Start by deciding which materials are genuinely open and which aren’t. Create questions that go beyond simple copy-paste behavior: consider case variation, localized details, timed decisions, reflective justification, data interpretation, and personalized prompts. Lastly, safeguard the session. If the exam is important, you still need to confirm the registered learner took it, used only allowed materials, and didn’t delegate thinking to unauthorized tabs, tools, or helpers.
Open-book exams are not anti-proctoring. If anything, they make good proctoring more valuable.

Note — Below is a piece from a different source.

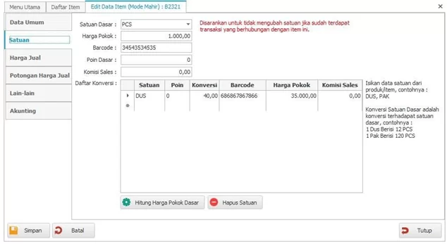 1. Tambah / Edit salah satu item. Pastikan Satuan dan Konversi satuan sudah diisi, pada Tab Satuan, seperti pada gambar dibawah :
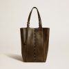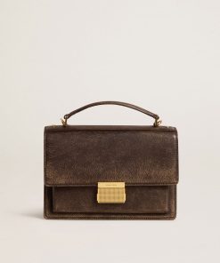 Funzionale ma sofisticata, la Venezia Bag è una dichiarazione di eleganza veneziana, che invita a portare con sé un pezzo della sua anima, ovunque. In pelle verde chiaro lavorata a motivo pitonato, questo modello in versione small si caratterizza per la chiusura con fibbia dorata e per i diversi dettagli metallici, sempre di colore oro. E come tocco finale, la doppia tasca interna.

Proctoring tracks the whole session, giving you both insights into each learner’s thinking process and how well your exam is actually designed. Proctoring systems such as OctoProctor also help block or flag access to prohibited sources while leaving approved materials intact. In other words, remote invigilation lets institutions enjoy the better assessment quality of open-book design without turning the exam into an honor-system free-for-all.
Finally, accessibility has stopped being an abstract “best practice” and has begun to influence procurement and delivery deadlines. For years, plenty of institutions treated it as we care, we are improving, please do not cancel us admire our statement. In 2026 Q2, accessibility is becoming a market filter, providing a legal and operational rationale for asking uncomfortable questions that many EdTechs will not have answers for.

In the US, the Department of Justice’s updated ADA Title II rule sets population-size-dependent deadlines of April 2026 or April 2027 for accessible web content and mobile apps for state and local governments, including many public colleges and universities. EDUCAUSE has responded by advocating for embedded digital accessibility and by directing institutions and vendors to tools like the Higher Education Community Vendor Assessment Toolkit (HECVAT), which now incorporates accessibility alongside privacy, security, and compliance.
The European Accessibility Act took effect on June 28, 2025, establishing uniform accessibility standards for a variety of products and services within the internal market. Accessible EU’s guidance and the Commission’s materials clarify that accessibility is now a key aspect of how digital products are expected to function across borders, including information communication technologies-related services. Additionally, since public-sector digital services in the EU are also influenced by the Web Accessibility Directive, buyers are increasingly seeking platforms that can withstand both legal scrutiny and real-world use. The Commission is also planning a wider public procurement revision in 2026.
First of all, people who require accessibility are not a minority in a way some like to believe. Being born able-bodied does not guarantee one will not require accessibility and disability status later in life.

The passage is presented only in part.